School Choice Is Great, but to Have Schools Worth Choosing, There Must Be Equity, Access, and Diversity, Say Authors of New Report
To establish an effective school choice system that benefits all children, experts emphasize the importance of focusing on equity and access, as well as the creation of schools that cater to the needs of every student. This was highlighted in a recent report, which was discussed at an event in Washington, where John Brittain, a professor and acting dean of the law school at the University of the District of Columbia, stressed the significance of the right choice in promoting educational equity and reducing racial isolation and segregation.
The report, released by the Learning Policy Institute think tank and authored by Patrick Shields, outlines the need for policymakers to prioritize choice in order to establish a system of schools that are worth choosing and ensure that every student is selected by a high-quality school. The authors emphasize that districts must consciously create options that are accessible to students in all neighborhoods and of all academic levels.
An example of successful systemic reforms can be seen in San Antonio, where sought-after schools like Montessori and dual language programs were introduced. These schools not only catered to the most disadvantaged students but also attracted wealthier families, thus promoting integration within district schools.

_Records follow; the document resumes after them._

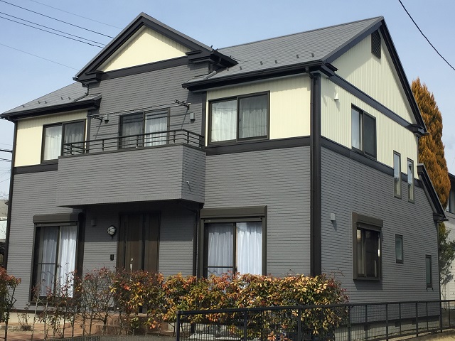 外壁の塗り替えでベージュからグレーへ。シックでモダンにリフォーム。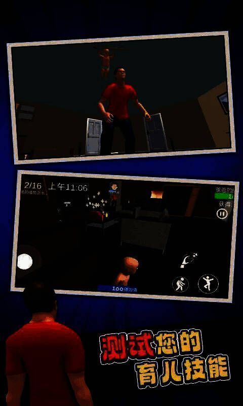 游戏核心玩法围绕“监护”与“破坏”展开,采用双角色切换机制。父亲角色需通过封堵插座、锁闭橱柜、关闭电器、喂药回血等方式防止儿子遭遇危险;而儿子则可尝试吞电池、喝清洁剂、触电、溺水等十余种奇葩方式“挑战极限”。每局游戏均为实时物理演算,角色动作滑稽真实,配合音效与反馈,带来强烈的沉浸感与喜剧效果。值得注意的是,游戏虽题材另类,但所有内容均以卡通化手法呈现,规避真实暴力,强调策略与反应的博弈。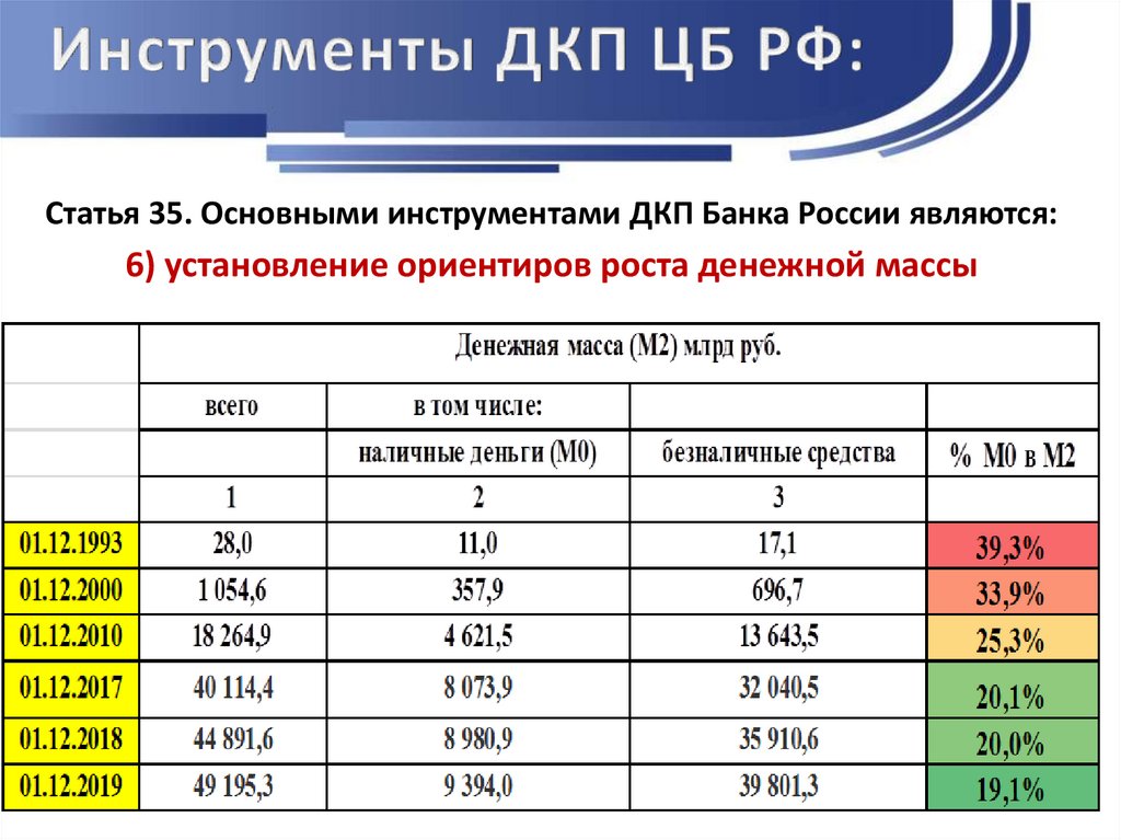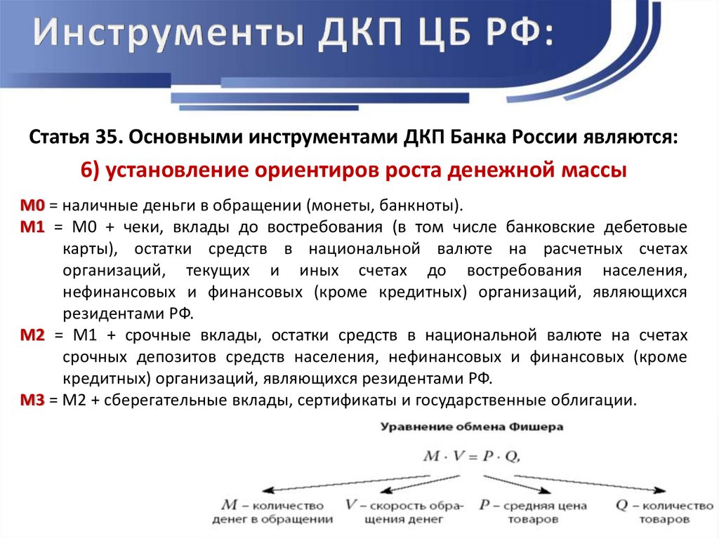 Статья 35. Основными инструментами ДКП Банка России являются:6) установление ориентиров роста денежной массы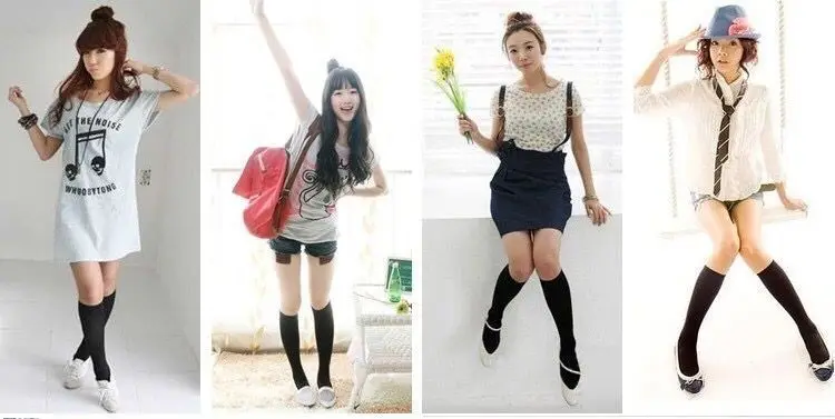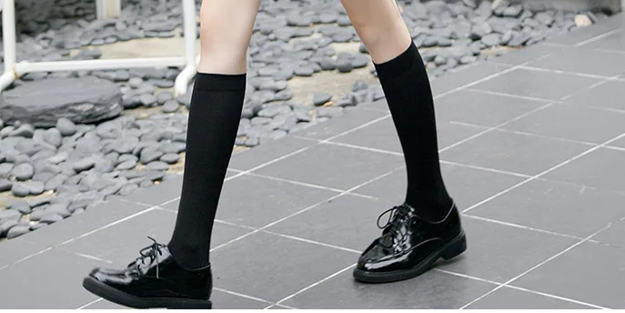 JK Women Black White Knee High Lolita Socks Lady Girls Over Knee Cute Long Sock Thin Breathable Solid Color Stockings For Women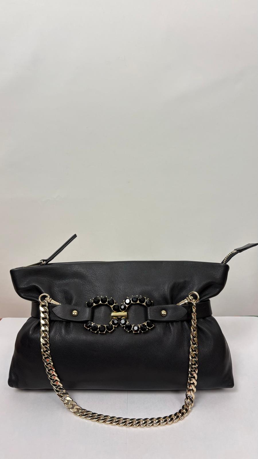 - Realizzata in pelle nera opaca.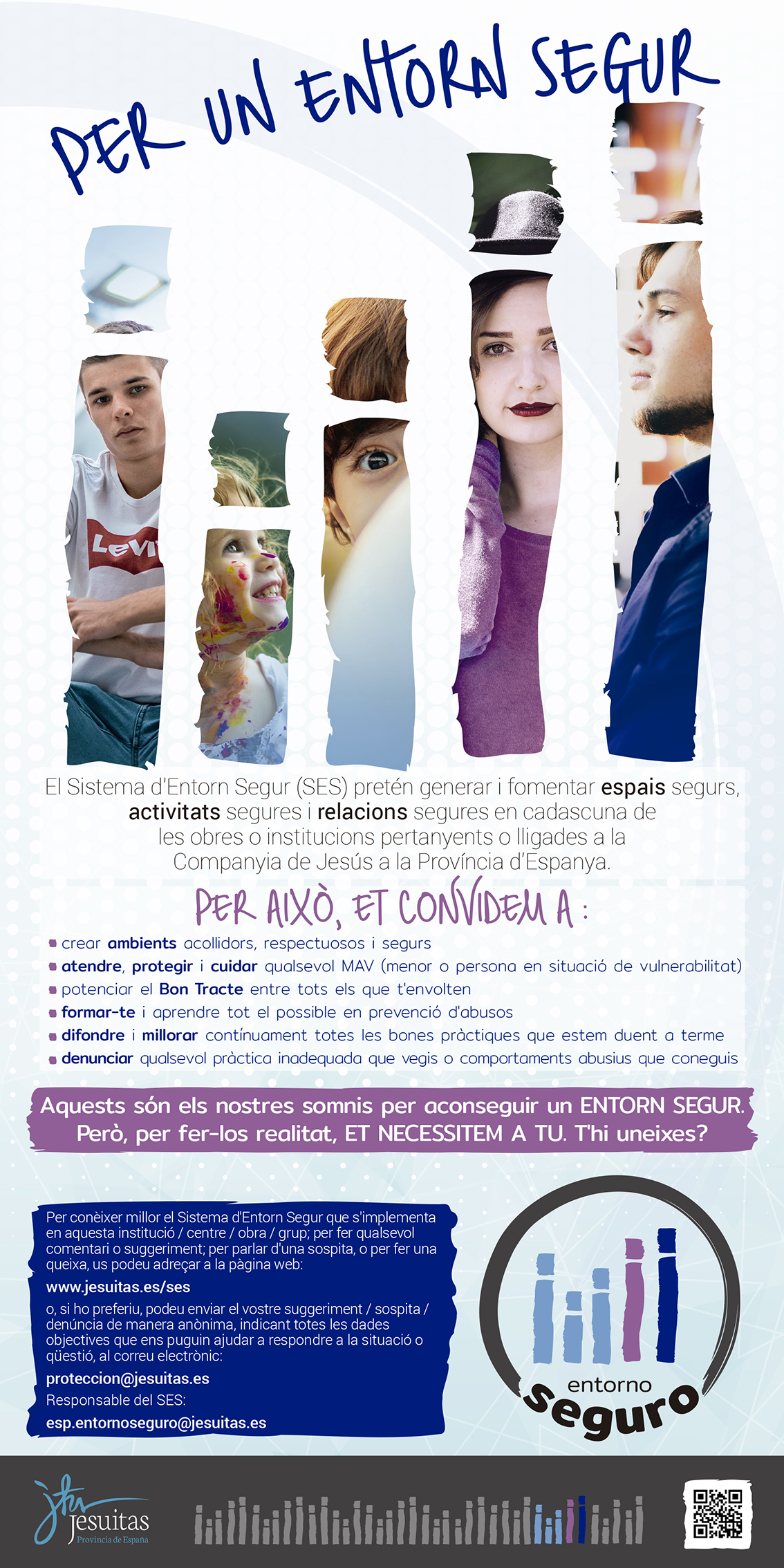 Les obres o institucions de la Companyia de Jesús a la Província d’Espanya hem iniciat una campanya conjunta per vetllar que els espais de treball i relació de les escoles, entitats socials, universitats, parròquies,... siguin entorns segurs per a les persones amb qui treballem. Així doncs, molt en la línia de la nostra #missióBONtracte, ens sumem al Sistema d’Entorn Segur (SES) que pretén generar i fomentar espais segurs, activitats segures i relacions segures.

Mohammed Choudhury, the chief innovation officer and architect of the innovative integration approach in San Antonio, argues that neglecting integration implies acceptance of a "separate but equal" standard for schools, similar to the ruling in the Supreme Court’s 1896 Plessy v. Ferguson case. Choudhury believes that advocating for the promise of the 1954 Brown v. Board of Education ruling, which abolished segregated schools, is crucial.
Furthermore, it is vital for choice systems to address the needs of special populations, including students with disabilities. Julie Mead, a professor at the University of Wisconsin, suggests that policymakers should determine whether charter schools should be obligated or incentivized to serve students with disabilities. Additionally, for interdistrict transfers, it is important to clarify whether the sending or receiving school district bears the responsibility of providing a free, appropriate public education to the student, as required by federal law.
The effectiveness of accountability systems relies on their implementation. According to Mead, regions that are less autonomous tend to have higher quality accountability systems. Massachusetts serves as an example of a place with such high quality systems.
Schools must also address issues like disproportionate school discipline and segregation within schools, particularly within gifted and talented programs, according to Ashley Griffin, director of P-12 research at The Education Trust.
It should be noted that the Learning Policy Institute and receive financial support from the Carnegie Corporation of New York.